Things You'll Need
Herbicide containing 2,4-D and dicamba
Clover, including red clover, adds nutrients to soil, which is why farmers use it as a cover crop during the off-season. However, red clover spreads rapidly and can overtake gardens or lawns. As with all weed removal, the best results come from removing red clover early, while it's young and before it's gone to seed. Hand-pulling is the best method for removing clover from turf, although careful application of herbicide is appropriate for large areas.
Water the lawn lightly the night before. This makes hand-pulling easier. Alternatively, choose a day after some rainfall.
Grasp the stem of the clover, close to the earth.

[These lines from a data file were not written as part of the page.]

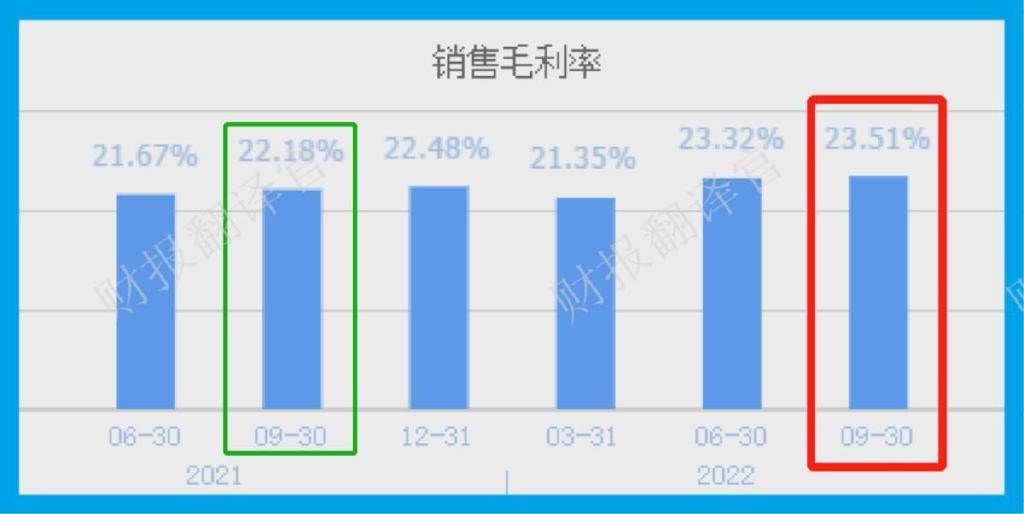 而到了2022年第三季度,这家公司同样销售100元的汽车零部件,却能赚回23.51元的毛利润,销售毛利率达到了23.51%,同比增长了6%。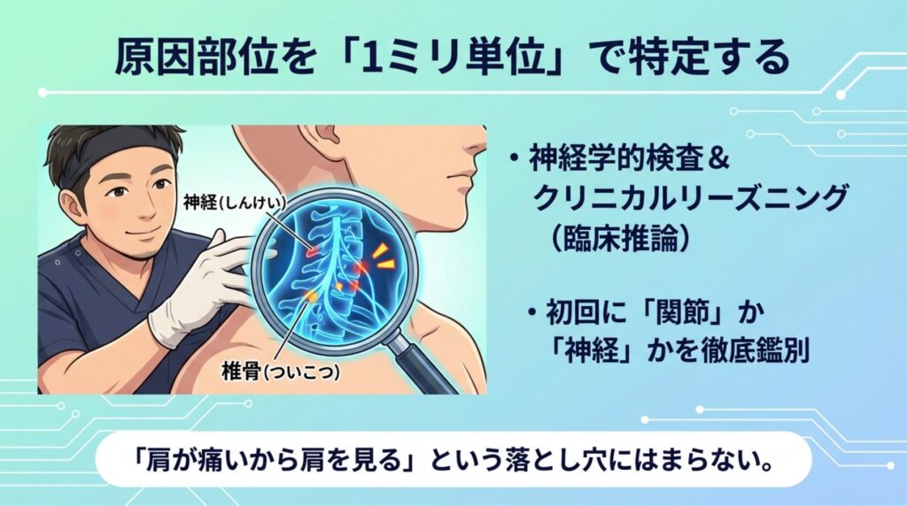 当院のアプローチ:原因部位を「1ミリ単位」で特定する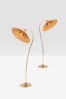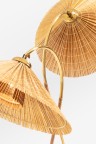 Pair of floor lamps Brass, rattan and wood slats Edited by Itsu Stamped with 'ITSU' Model created circa 1955 H 147ר 57cm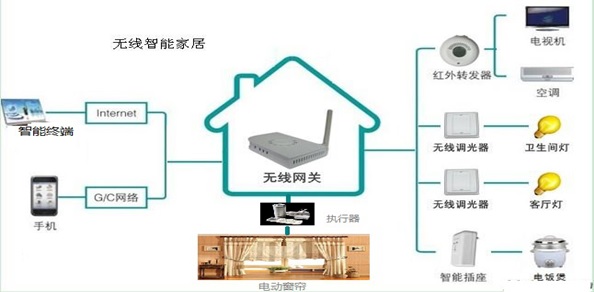 使用集中控制器,不必专门布线,只要将插头插在220V电源插座上,就可控制家里所有的灯光和电器,一般放在床头和客厅。可以在家里不同的房间有多个集中控制器。躺在床上,就可控制卧室的窗帘、灯光、音响及全家的电器。控制灯光时可以调亮度,控制音响时可以调音量,控制拉帘或卷帘时,可以调行程,控制百页帘时可以调角度。 这种集中控制器,其控制指令的数据传输是利用电力线载波,也就是利用给电器供电的交流110V或220V 电力线进行数据传输。这种利用电力线载波控制,相对于红外线遥控,或无线载波遥控来说更具有优势。红外线遥控不能穿越墙壁等非透明物体,控制距离短;无线载波遥控虽然能够穿越墙壁,但由于受各国政府对业余无线频段使用控制,功率很小,传输距离很近,对于居住面积较大的家庭,尤其是复式楼层、Townhouse或别墅住宅,无线遥控就显得无能为力。虽然有些家居系统采用家庭无线中继放大系统进行传输,但会加大硬件成本,而电力线载波传输就可以弥补红外线遥控和无线射频遥控的不足,同时也无需布线,只要在每个控制器和接受器加上电力线载波调制解调器就能进行双向数据传输。
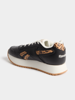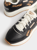 Step up your sneaker style with these women’s Reebok trainers in black and white, featuring bold leopard print accents. Crafted with a layered mix of leather and synthetic leather, they’re designed for both style and durability. The stacked midsole adds extra height, while the signature ripple outsole delivers a rugged, standout look.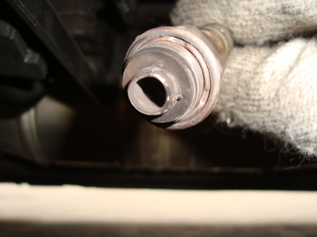 早速、セカンダリーO2センサーを外してみると、センサーの先端がなくなっていましたよ。(滝汗) 「これはもしかして・・・。」と思い触媒を見てみると・・・

Continue until all the red clover is removed. If roots are left behind or if fresh red clover seeds germinate, hand-pulling throughout most of the season may be necessary before the clover is completely eradicated.
Purchase an herbicide containing 2,4-D and dicamba. This chemical combination has the greatest success rate for killing red clover, according to the Penn State College of Agricultural Sciences. Common weed killers like glyphosate aren't nearly as effective on red clover.
Shield the turf as thoroughly as possible by laying down pieces of cardboard or heavy plastic, leaving open only those places where the red clover grows.
Apply the herbicide according to the manufacturer's directions on a wind-free, warm day. Remember the herbicide will kill most plants it touches, including grass.
Reapply the herbicide as needed, waiting at least two weeks for the previously treated red clover to turn brown and shrivel up.
Reseed patches of bare ground where the red clover once was, if necessary. Wait at least two weeks before reseeding.
You can add hand-pulled red clover to a compost pile or pick it up from the turf and lay it down in the garden bed. It’s an effective natural fertilizer, boosting the soil’s level of nitrogen. Avoid adding plants treated with herbicide to the compost bin.